Table 1. Partial coefficients of correlation between body fat percentage assessed by dual-energy X-ray absorptiometry and cardiometabolic risk factors among children below and above median of body fat percentage.
In primary analyses, we defined cut-points for the measures of adiposity associated with the risk of being in the 90th percentile of the CMS by the receiver operating characteristics (ROC) analysis. In secondary analyses, we defined cut-points for the measures of adiposity associated with the risk of having pediatric metabolic syndrome (33). The ROC analyses were performed separately for girls and boys, because girls had higher body fat content than boys (P < 0.001). To describe the diagnostic usefulness of the criteria for adiposity we defined sensitivity (true positive rate = true positive measurements / all positive cases, which includes true positive measurements and false negative measurements) indicating the ability to detect children with pediatric metabolic syndrome or increased CMS and specificity (true negative rate = true negative measurements / all negative cases, i.e., including true negative measurements and false positive measurements) indicating the ability to detect children without these outcomes. We defined the point where sensitivity is similar to specificity as the adiposity threshold indicating the overall ability of the measures of adiposity to detect children with and without pediatric metabolic syndrome or increased CMS. We also computed positive likelihood ratio [LRpos: sensitivity/(1-specificity)] that indicates the likelihood of correctly detecting children at increased cardiometabolic risk and negative likelihood ratio [LRneg: (1-sensitivity)/specificity] that indicates the likelihood of correctly excluding children at increased cardiometabolic risk.
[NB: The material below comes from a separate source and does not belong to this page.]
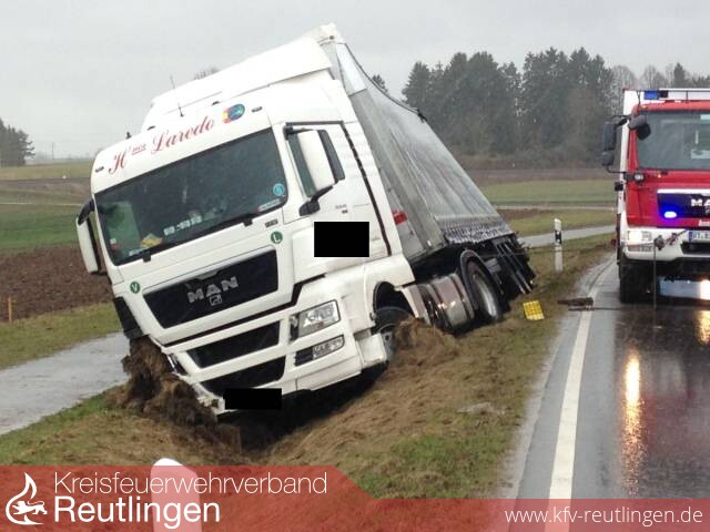 von der Fahrbahn abgedrückter LKW bei Engstingen

We aimed to find out cut-points representing LRpos >5 and LRneg <0.20 which refer to moderate usefulness of the measures of adiposity to identify children with and without increased cardiometabolic risk.
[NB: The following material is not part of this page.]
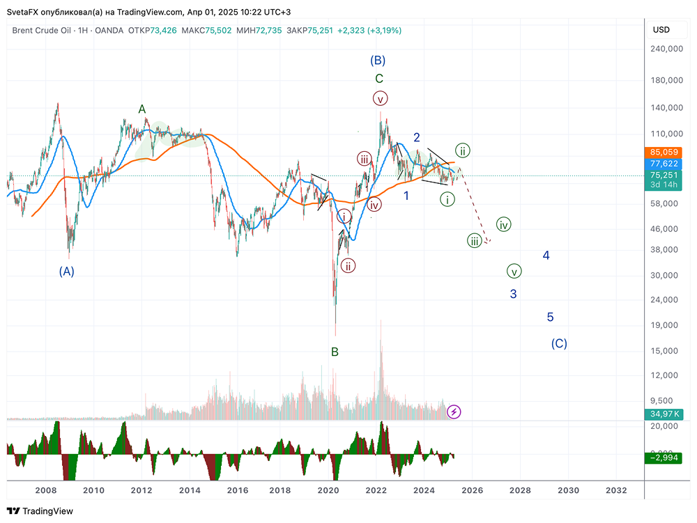 Мнение: Финам Есть вероятность, что рынок нефти завершит текущую неделю с положительной динамикой. Цена на нефть на вчерашней торговой сессии снизилась на 3,5%. Таким образом рост, который мы наблюдали в среду 09.04 был частично нивелирован. В настоящее время нефть торгуется в зеленой зоне и находится на отметке $64,4/б. По итогам же последних пяти дней торгов у рынка есть шансы закрыть текущую неделю в плюсе. Вчера главной новостью, по нашему мнению, стал отчет от Управления энергетической информации Минэнерго США. Технически в настоящее время началась консолидация цены в диапазоне $62,7 – 65,3/б – это видно на более низком 4-х часовом ТФ. Мы полагаем, что шансы для продвижения наверх всё ещё сохраняются, а это означает, что, как мы и написали вчера, целью может стать уровень $67,3/б. Источник: finam.ru Автор: Дудченко Николай Не является индивидуальной инвестиционной рекомендацией. В этом сообщении представлено мнение экспертов инвестиционной компании или банка. Оно предоставляется исключительно для ознакомления и не является рекомендацией для покупки или продажи ценных бумаг, а также для принятия каких-либо коммерческих или других решений. mondiara.com не несёт ответственности за содержание этого сообщения и последствия его использования.

We graphed scatter plots with local regression curves using a Gaussian function and a 50% smoothing parameter to visualize non-linear associations of the measures of adiposity with the CMS and non-linear associations of BMI-SDS with WHtR and BF% assessed by BIA. Indeed, local regression curves were used to visualize points where cardiometabolic risk began to increase.
Characteristics of Children
The characteristics of children are presented in Table 2. Mean (SD) CMS was −0.02 (0.48) in girls and −0.01 (0.54) in boys. Altogether 6 girls and 10 boys had pediatric metabolic syndrome, and 22 girls and 26 boys were above the 90th percentile of the CMS.
Diagnostic Ability of the Measures of Adiposity to Detect Increased Cardiometabolic Risk
All measures of adiposity had high areas under curve in girls and boys (Table 3). However, in girls WHtR (cut-point 0.445) and BF% assessed by BIA (cut-point 19.5%) had the highest point in the ROC-curve (Figure 1) with sensitivity being equal to specificity (0.73), which indicates that they were overall the best measures of adiposity to detect girls being above the 90th percentile of the CMS. Moreover, WHtR (sensitivity 0.68, cut-point 0.459) had the best ability to detect girls being above the 90th percentile of the CMS as indicated by the highest sensitivity related to LRpos > 5 (Table 3). Furthermore, WHtR was the best measure of adiposity to detect girls having pediatric metabolic syndrome as indicated by the measures shown in Table 3 and in Figure 1.
Table 3. Receiver operating characteristics and adiposity criteria for measures of adiposity among girls and boys by 90th percentile of the cardiometabolic risk score and by pediatric metabolic syndrome.
Figure 1. Receiver operating characteristic curves between the measures of adiposity and cardiometabolic risk in girls (Upper) and in boys (Lower). Endpoint by cardiometabolic risk has been defined by pediatric metabolic syndrome (33) (Left) and using 90th (Right) percentile threshold for cardiometabolic score. Components of cardiometabolic score were serum insulin and plasma high-density lipoprotein cholesterol, triglycerides, gamma-glutamyl transferase, high-sensitivity C-reactive protein, and uric acid. Black lines represent waist-to-height ratio (___), body fat percentage by dual-energy X-ray absorptiometry (- - -), gray lines represent body mass index standard deviation score (), and body fat percentage by bioimpedance analysis ().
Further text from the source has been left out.